WHAT IS BEING ASKED → Your output should be the lines below from the one with "육체적 건강도 중요하지만" through the one with "Light to medium", copied exactly, pictures excluded.

INPUT DATA →

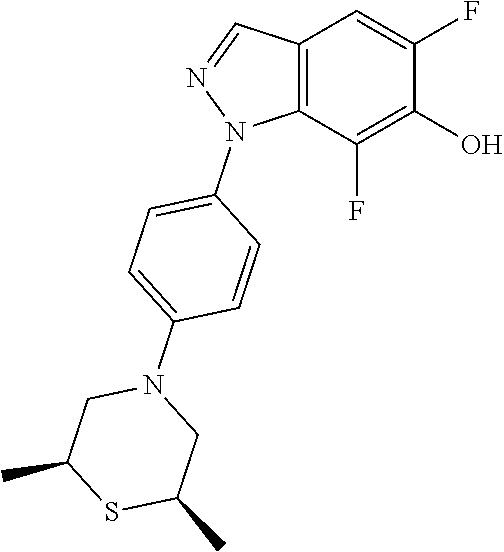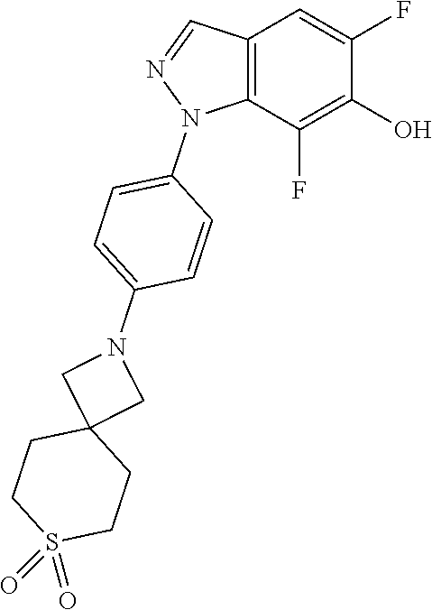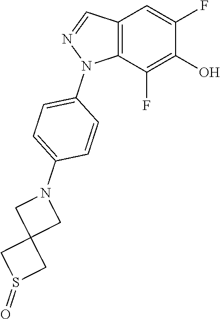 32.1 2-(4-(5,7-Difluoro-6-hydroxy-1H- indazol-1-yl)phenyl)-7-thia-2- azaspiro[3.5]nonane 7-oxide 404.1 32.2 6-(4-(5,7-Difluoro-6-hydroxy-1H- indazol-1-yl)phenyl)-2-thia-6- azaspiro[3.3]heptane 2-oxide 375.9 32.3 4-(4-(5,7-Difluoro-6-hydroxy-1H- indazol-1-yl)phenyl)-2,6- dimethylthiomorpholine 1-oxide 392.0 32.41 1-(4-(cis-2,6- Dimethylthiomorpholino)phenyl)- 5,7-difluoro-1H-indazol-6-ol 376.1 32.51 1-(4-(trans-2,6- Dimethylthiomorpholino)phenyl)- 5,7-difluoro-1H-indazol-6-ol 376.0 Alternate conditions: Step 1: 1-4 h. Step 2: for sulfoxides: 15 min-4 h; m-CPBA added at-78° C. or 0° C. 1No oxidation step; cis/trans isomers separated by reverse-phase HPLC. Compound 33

---

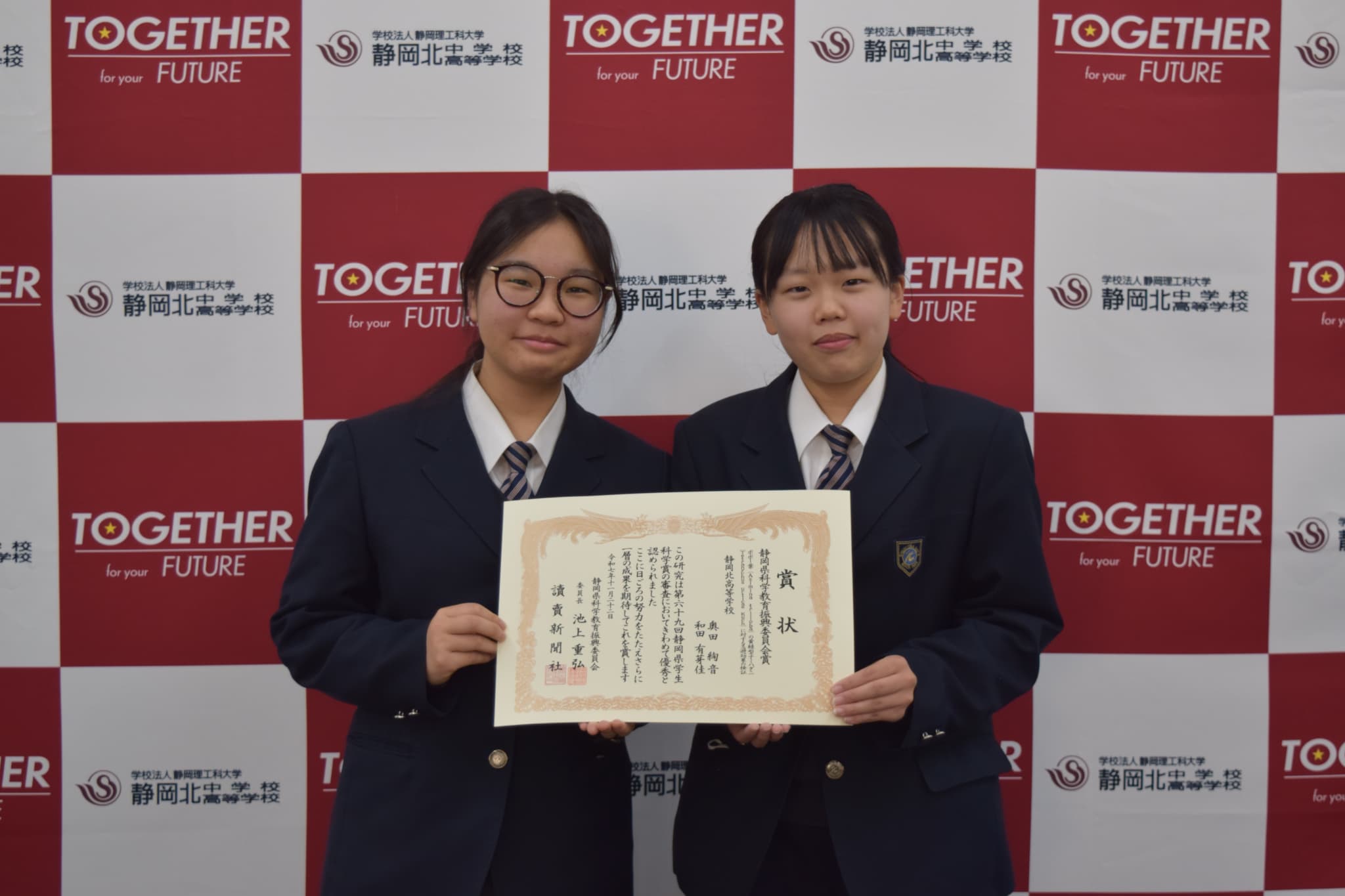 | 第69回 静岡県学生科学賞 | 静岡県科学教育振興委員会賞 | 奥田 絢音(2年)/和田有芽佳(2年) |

* * *

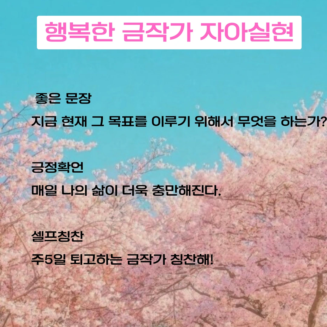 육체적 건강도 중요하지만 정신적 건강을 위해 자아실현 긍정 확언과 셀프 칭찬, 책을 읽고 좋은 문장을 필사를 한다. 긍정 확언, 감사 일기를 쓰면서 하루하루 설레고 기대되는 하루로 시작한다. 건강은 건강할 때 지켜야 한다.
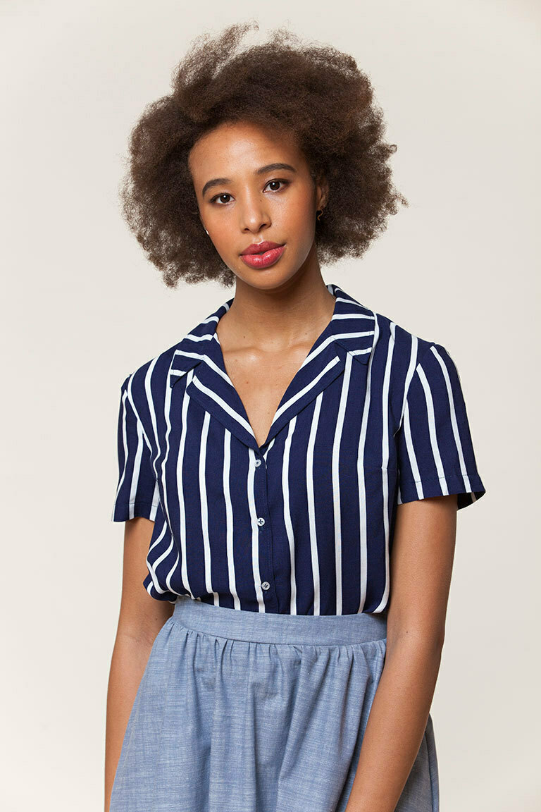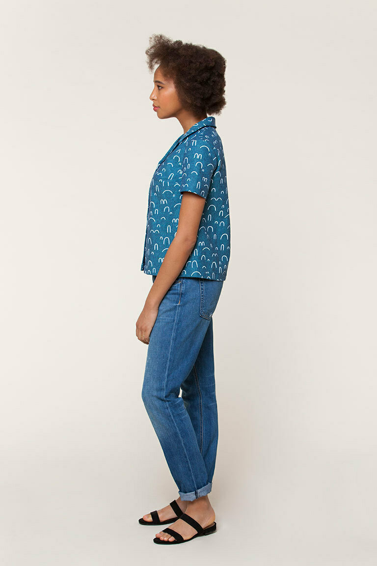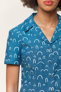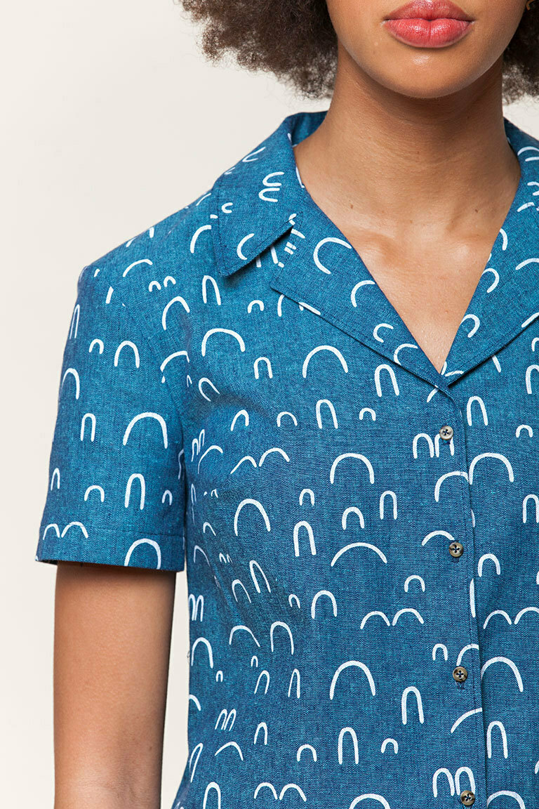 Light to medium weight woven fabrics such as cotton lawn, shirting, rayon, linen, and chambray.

EXPECTED ANSWER →
 육체적 건강도 중요하지만 정신적 건강을 위해 자아실현 긍정 확언과 셀프 칭찬, 책을 읽고 좋은 문장을 필사를 한다. 긍정 확언, 감사 일기를 쓰면서 하루하루 설레고 기대되는 하루로 시작한다. 건강은 건강할 때 지켜야 한다.
 Light to medium weight woven fabrics such as cotton lawn, shirting, rayon, linen, and chambray.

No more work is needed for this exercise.